Thomas Kwa; Adrià Garriga-alonso

TLDR: In the last two posts, we showed that optimizing for a proxy can fail to increase true utility, but only when the error is heavy-tailed. We now show that this also happens in RLHF with a KL penalty.

This post builds on our earlier result with a more realistic setting and assumptions:

Rather than modeling optimization as conditioning on a minimum reward threshold, we study maximization of reward with a KL divergence penalty, as in RLHF.
We remove the assumption of independence between the error and utility distributions, which we think was the weakest part of the last post.
When the true utility V is light-tailed, the proxy can be maximized while keeping to the same level as the prior. We can't guarantee anything about $E [V]$ when $V$ is heavy tailed; it could even go to minus infinity.

Abstract

When applying KL regularization, the trained model is regularized towards some base policy $π_{0}$ . One would hope that a KL penalty can produce good outcomes even in the case of reward misspecification; that is, if the reward U is the sum of true utility V and an error term X, we would hope that optimal policies under a KL penalty achieve high V even if the magnitude of X is large. We show that this is not always the case: when X is heavy-tailed, there are arbitrarily well-performing policies $π$ with $E_{π} [V] \approx E_{π_{0}} [V]$ ; that is, that get no higher true utility than the prior. However, when error is light-tailed and independent of V, the optimal policy under a KL penalty results in $V > 0$ , and $V$ can be made arbitrarily large. Thus, the tails of the error distribution are crucial in determining how much utility will result from optimization towards an imperfect proxy.
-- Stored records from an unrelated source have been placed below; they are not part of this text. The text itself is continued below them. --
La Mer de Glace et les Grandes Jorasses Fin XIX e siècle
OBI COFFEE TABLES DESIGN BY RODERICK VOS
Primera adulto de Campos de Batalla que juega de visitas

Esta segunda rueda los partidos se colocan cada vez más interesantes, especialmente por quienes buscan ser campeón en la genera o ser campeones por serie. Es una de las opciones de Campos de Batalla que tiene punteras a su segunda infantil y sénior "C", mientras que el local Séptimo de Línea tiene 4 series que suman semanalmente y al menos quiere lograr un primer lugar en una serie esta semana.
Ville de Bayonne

Intuitive explanation of catastrophic Goodhart with a KL penalty

Recall that KL divergence between two distributions P and Q is defined as

D_{K L} (P ∥ Q) = \sum x \in X P (x) log (\frac{P (x)}{Q (x)})
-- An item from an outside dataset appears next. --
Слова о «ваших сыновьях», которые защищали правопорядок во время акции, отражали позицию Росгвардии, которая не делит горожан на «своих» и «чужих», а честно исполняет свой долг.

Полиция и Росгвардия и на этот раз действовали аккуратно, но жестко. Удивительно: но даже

If we have two policies $π, π_{0}$ , we abuse notation to define $D_{K L} (π ∥ π_{0})$ as the KL divergence between the distributions of actions taken on the states in trajectories reached by $π$ . That is, if $T r (π)$ is the distribution of trajectories taken by $π$ , we penalize

D_{K L} (π ∥ π_{0}) ≜ E_{s \in T, T \sim T r (π)} [D_{K L} (π (s) ∥ π_{0} (s))]

This strongly penalizes $π$ taking actions the base policy never takes, but does not force the policy to take all actions the base policy takes.
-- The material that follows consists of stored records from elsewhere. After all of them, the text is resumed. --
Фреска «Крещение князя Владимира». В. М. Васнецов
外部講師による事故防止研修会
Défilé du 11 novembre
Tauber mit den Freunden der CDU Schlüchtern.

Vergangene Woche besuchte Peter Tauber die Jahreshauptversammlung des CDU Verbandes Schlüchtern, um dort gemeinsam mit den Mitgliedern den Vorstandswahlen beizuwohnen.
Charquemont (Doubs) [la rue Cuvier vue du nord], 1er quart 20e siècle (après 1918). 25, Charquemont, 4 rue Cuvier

If our reward model gives reward $U$ , then the optimal policy for RLHF with a KL penalty is:

arg max π E [U (π)] - β D_{K L} (π ∥ π_{0}) .

Suppose we have an RL environment with reward $U = X + V$ where $X$ is an error term that is heavy-tailed under $π_{0}$ , and V is the “true utility” assumed to be light-tailed under $π_{0}$ . Without loss of generality, we assume that $E [U (π_{0})] = 0$ . If we optimize for $E [U (π)] - β D_{K L} (π ∥ π_{0})$ , there is no maximum because this expression is unbounded. In fact, it is possible to get $E [U (π)] > M$ and $D_{K L} (π, π_{0}) < ϵ$ for any $M, ϵ$ . That is, we get arbitrarily large proxy reward $U$ and arbitrarily small KL penalty.

For such policies $π$ , it is necessarily the case that ${lim}_{ϵ \to 0} E [V (π)] = 0$ ; that is, for policies with low KL penalty, utility goes to zero. Like in the previous post, we call this catastrophic Goodhart because the utility produced by our optimized policy is as bad as if we hadn’t optimized at all. This is a corollary of a property about distributions (Theorems 1 and 3 below) which we apply to the case of RLHF with unbounded rewards (Theorem 2).

The manner in which these pathological policies $π$ achieve high $E [U]$ is also concerning: most of the time they match the base policy $π_{0}$ , but a tiny fraction of the time they will pick trajectories with extremely high reward. Thus, if we only observe actions from the policy $π$ , it could be difficult to tell whether $π$ is Goodharting or identical to the base policy.

Results

Full proofs are in the appendix post.

X heavy tailed, V light tailed: $E V \to 0$

We'll start by demonstrating the key fact about distributions that makes this proof work: in a heavy-tailed distribution, you can have arbitrarily high mean with arbitrarily low KL divergence.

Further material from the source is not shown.